Sure! Let's determine the solution for the system of linear equations:
[tex]\[
\begin{aligned}
&x_1 + 2x_2 = 11 \\
&3x_1 + 4x_2 = 25
\end{aligned}
\][/tex]
First, we write this system in the matrix form [tex]\(\mathbf{A}\mathbf{x} = \mathbf{b}\)[/tex], where:
[tex]\[
\mathbf{A} = \begin{pmatrix}
1 & 2 \\
3 & 4 \\
\end{pmatrix}
, \quad
\mathbf{x} = \begin{pmatrix}
x_1 \\
x_2 \\
\end{pmatrix}
, \quad
\mathbf{b} = \begin{pmatrix}
11 \\
25 \\
\end{pmatrix}
\][/tex]
Now, we need to solve for [tex]\(\mathbf{x} = \begin{pmatrix}
x_1 \\
x_2 \\
\end{pmatrix}
\)[/tex].
Given the matrix equation:
[tex]\[
\mathbf{A}\mathbf{x} = \mathbf{b}
\][/tex]
we see that:
[tex]\[
\begin{pmatrix}
1 & 2 \\
3 & 4 \\
\end{pmatrix}
\begin{pmatrix}
x_1 \\
x_2 \\
\end{pmatrix}
=
\begin{pmatrix}
11 \\
25 \\
\end{pmatrix}
\][/tex]
To find [tex]\(\mathbf{x}\)[/tex], we use the inverse of [tex]\(\mathbf{A}\)[/tex] (if it exists).

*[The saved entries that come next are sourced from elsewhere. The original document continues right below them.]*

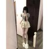 Conjunto de Falda Corta Dulce Tejida Nicho Dopamina Top Corto Adelgazante Cintura Alta Línea A Encaje Pastel Falda Corta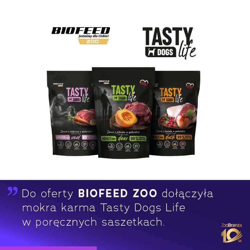 Do oferty BIOFEED ZOO dołączyła mokra karma Tasty Dogs Life w poręcznych, 150-gramowych saszetkach. To idealna porcja dla małych psiaków oraz klientów, którzy preferują wygodne, mniejsze opakowania. Saszetki Tasty Dogs Life to pełnoporcjowe dania w galaretce, stworzone z myślą o zdrowiu, prawidłowym rozwoju i doskonałym samopoczuciu psów.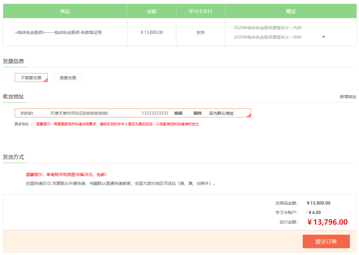 第三步:在訂單頁確認無誤后,點擊“提交訂單”;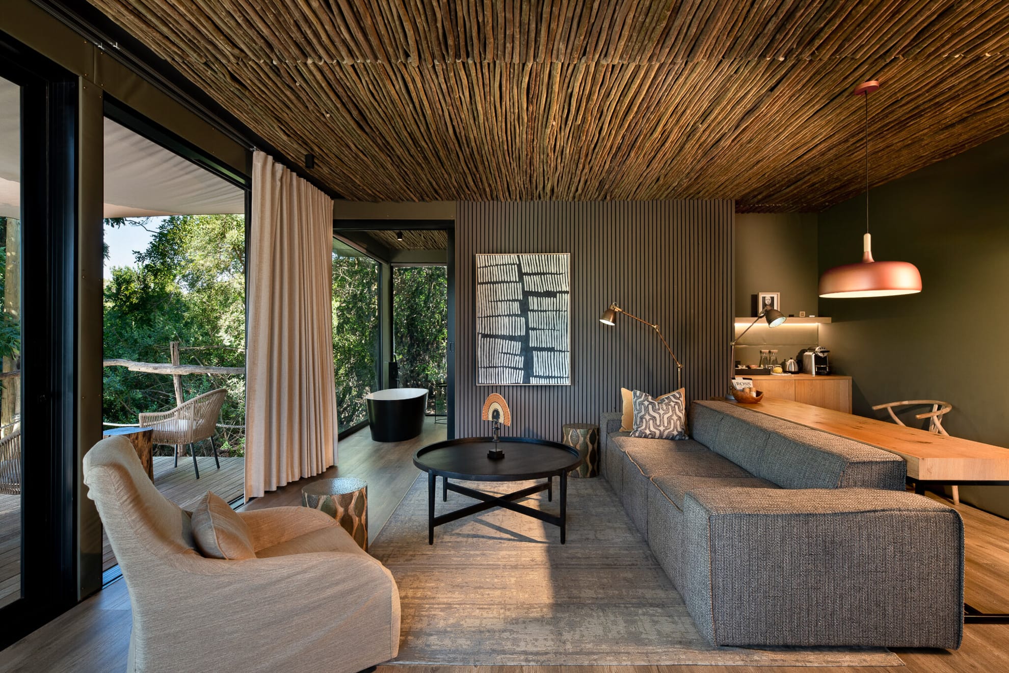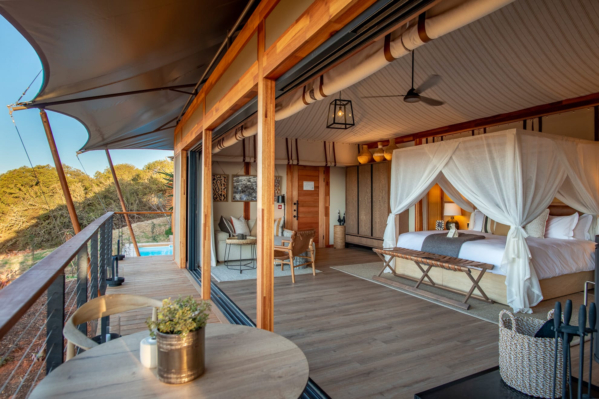 - Bayethe Lodge: un santuario de integración total. Sus 12 tiendas actualizadas combinan vidrio y lona con elementos contemporáneos, ofreciendo máxima privacidad y una nueva suite elevada que se pierde entre el follaje.

The solution can be found by:
[tex]\[
\mathbf{x} = \mathbf{A}^{-1}\mathbf{b}
\][/tex]
Given the computations or solving by substitution/elimination, we determine the solutions for [tex]\( x_1 \)[/tex] and [tex]\( x_2 \)[/tex]. The solution provided is:
[tex]\[
x_1 = 3, \quad x_2 = 4
\][/tex]
So, the detailed solutions to the system of linear equations:
[tex]\[
\begin{aligned}
x_1 + 2x_2 &= 11 \\
3x_1 + 4x_2 &= 25
\end{aligned}
\][/tex]
are [tex]\( x_1 \approx 2.9999999999999987 \)[/tex] and [tex]\( x_2 \approx 4.000000000000001 \)[/tex].